▶ [Assignment] Each line from the one containing "[00:15.41] | 为何不轻轻挥你的手 |" through the last line of the data below should be printed exactly, please, with any pictures omitted.

(Data entries)
_ _ _
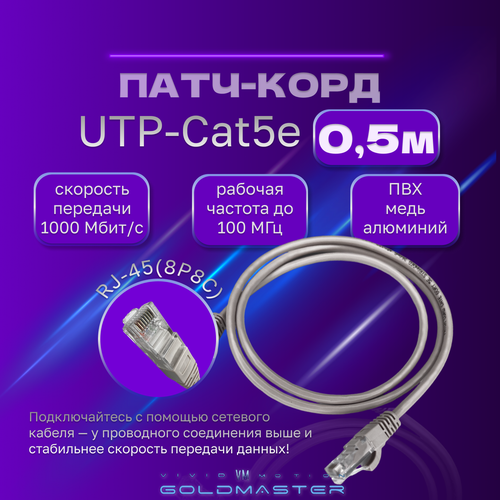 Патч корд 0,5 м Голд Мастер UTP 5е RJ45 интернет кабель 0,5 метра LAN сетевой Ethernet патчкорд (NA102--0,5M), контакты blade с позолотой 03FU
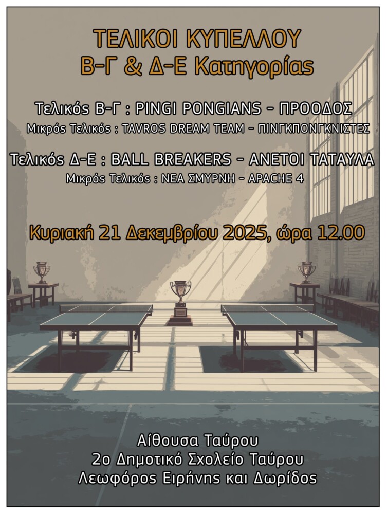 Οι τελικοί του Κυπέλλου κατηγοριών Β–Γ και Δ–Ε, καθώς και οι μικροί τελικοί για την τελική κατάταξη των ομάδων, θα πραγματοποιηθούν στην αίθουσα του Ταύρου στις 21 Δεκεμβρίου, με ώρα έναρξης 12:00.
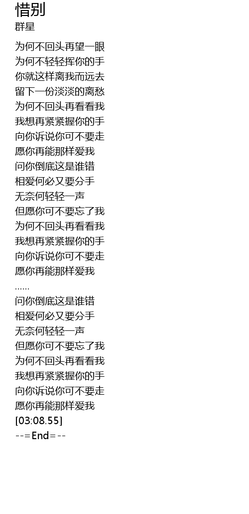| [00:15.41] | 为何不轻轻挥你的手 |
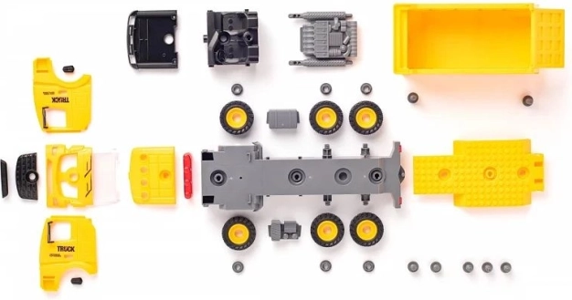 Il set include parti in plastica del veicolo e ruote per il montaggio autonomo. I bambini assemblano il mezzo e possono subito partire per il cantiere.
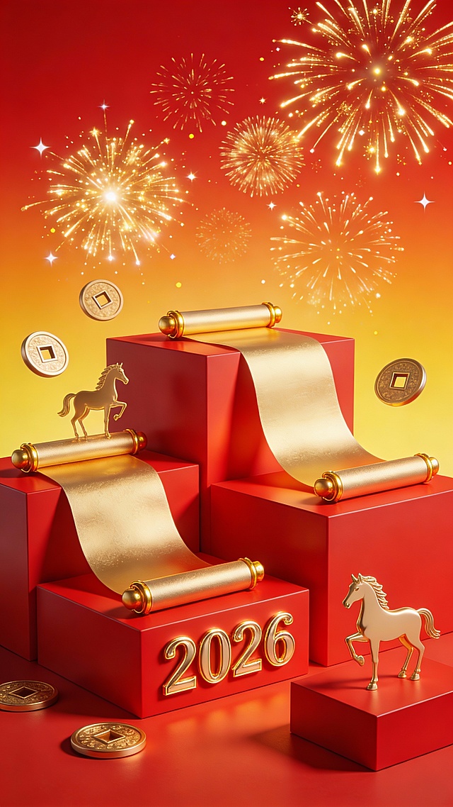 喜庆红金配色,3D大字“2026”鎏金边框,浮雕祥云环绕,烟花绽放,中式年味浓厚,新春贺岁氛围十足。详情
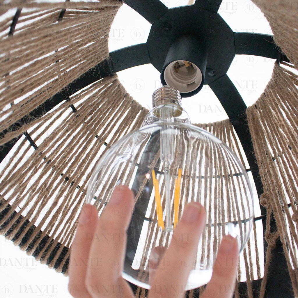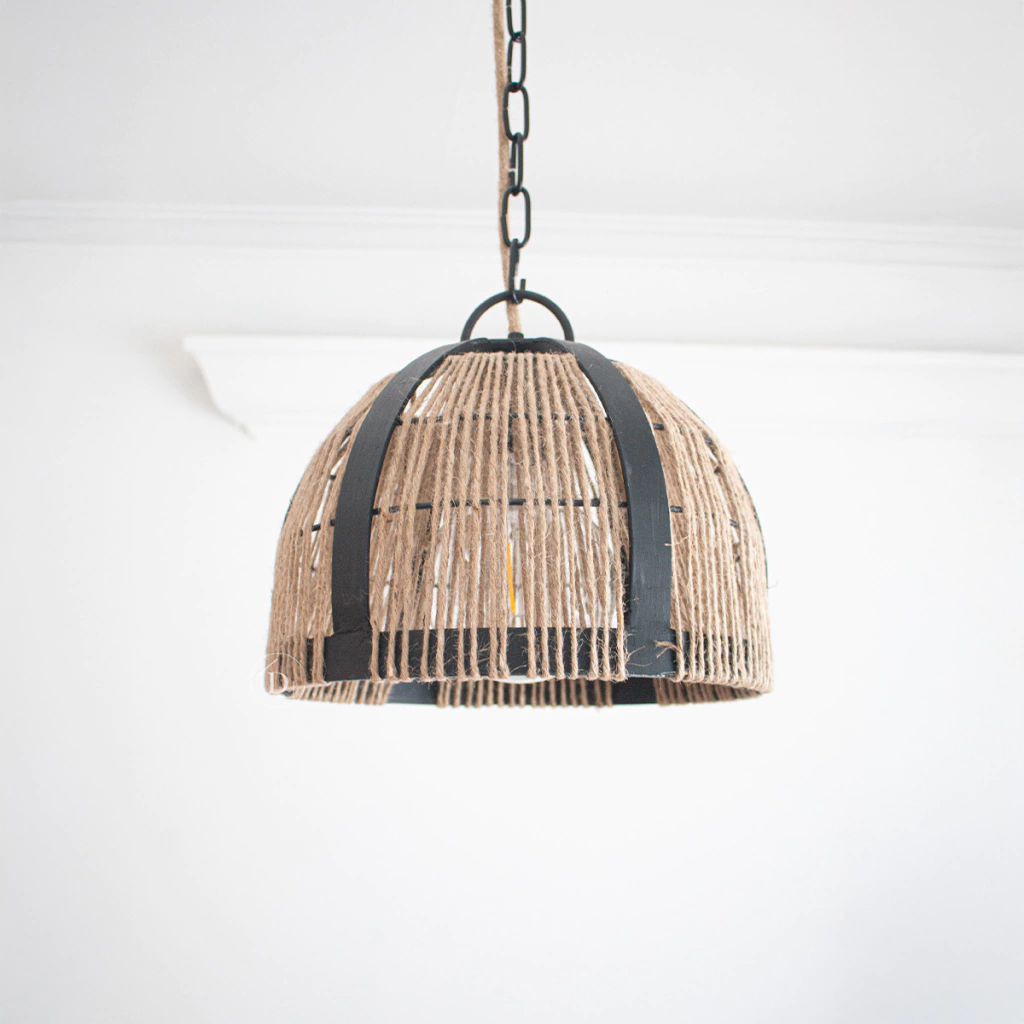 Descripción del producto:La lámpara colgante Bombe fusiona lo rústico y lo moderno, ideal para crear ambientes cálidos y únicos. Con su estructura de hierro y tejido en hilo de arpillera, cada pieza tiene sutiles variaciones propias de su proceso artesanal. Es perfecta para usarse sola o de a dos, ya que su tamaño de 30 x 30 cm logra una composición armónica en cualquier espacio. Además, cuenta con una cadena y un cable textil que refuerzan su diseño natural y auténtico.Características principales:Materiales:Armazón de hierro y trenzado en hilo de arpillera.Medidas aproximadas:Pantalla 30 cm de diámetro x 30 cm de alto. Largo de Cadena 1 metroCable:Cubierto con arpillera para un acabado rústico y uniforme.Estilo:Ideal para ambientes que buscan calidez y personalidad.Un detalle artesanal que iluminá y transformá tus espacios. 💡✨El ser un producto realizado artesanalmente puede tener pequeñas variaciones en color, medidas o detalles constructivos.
_ _ _
▶ [Answer section]
| [00:15.41] | 为何不轻轻挥你的手 |
 Il set include parti in plastica del veicolo e ruote per il montaggio autonomo. I bambini assemblano il mezzo e possono subito partire per il cantiere.
 喜庆红金配色,3D大字“2026”鎏金边框,浮雕祥云环绕,烟花绽放,中式年味浓厚,新春贺岁氛围十足。详情
 Descripción del producto:La lámpara colgante Bombe fusiona lo rústico y lo moderno, ideal para crear ambientes cálidos y únicos. Con su estructura de hierro y tejido en hilo de arpillera, cada pieza tiene sutiles variaciones propias de su proceso artesanal. Es perfecta para usarse sola o de a dos, ya que su tamaño de 30 x 30 cm logra una composición armónica en cualquier espacio. Además, cuenta con una cadena y un cable textil que refuerzan su diseño natural y auténtico.Características principales:Materiales:Armazón de hierro y trenzado en hilo de arpillera.Medidas aproximadas:Pantalla 30 cm de diámetro x 30 cm de alto. Largo de Cadena 1 metroCable:Cubierto con arpillera para un acabado rústico y uniforme.Estilo:Ideal para ambientes que buscan calidez y personalidad.Un detalle artesanal que iluminá y transformá tus espacios. 💡✨El ser un producto realizado artesanalmente puede tener pequeñas variaciones en color, medidas o detalles constructivos.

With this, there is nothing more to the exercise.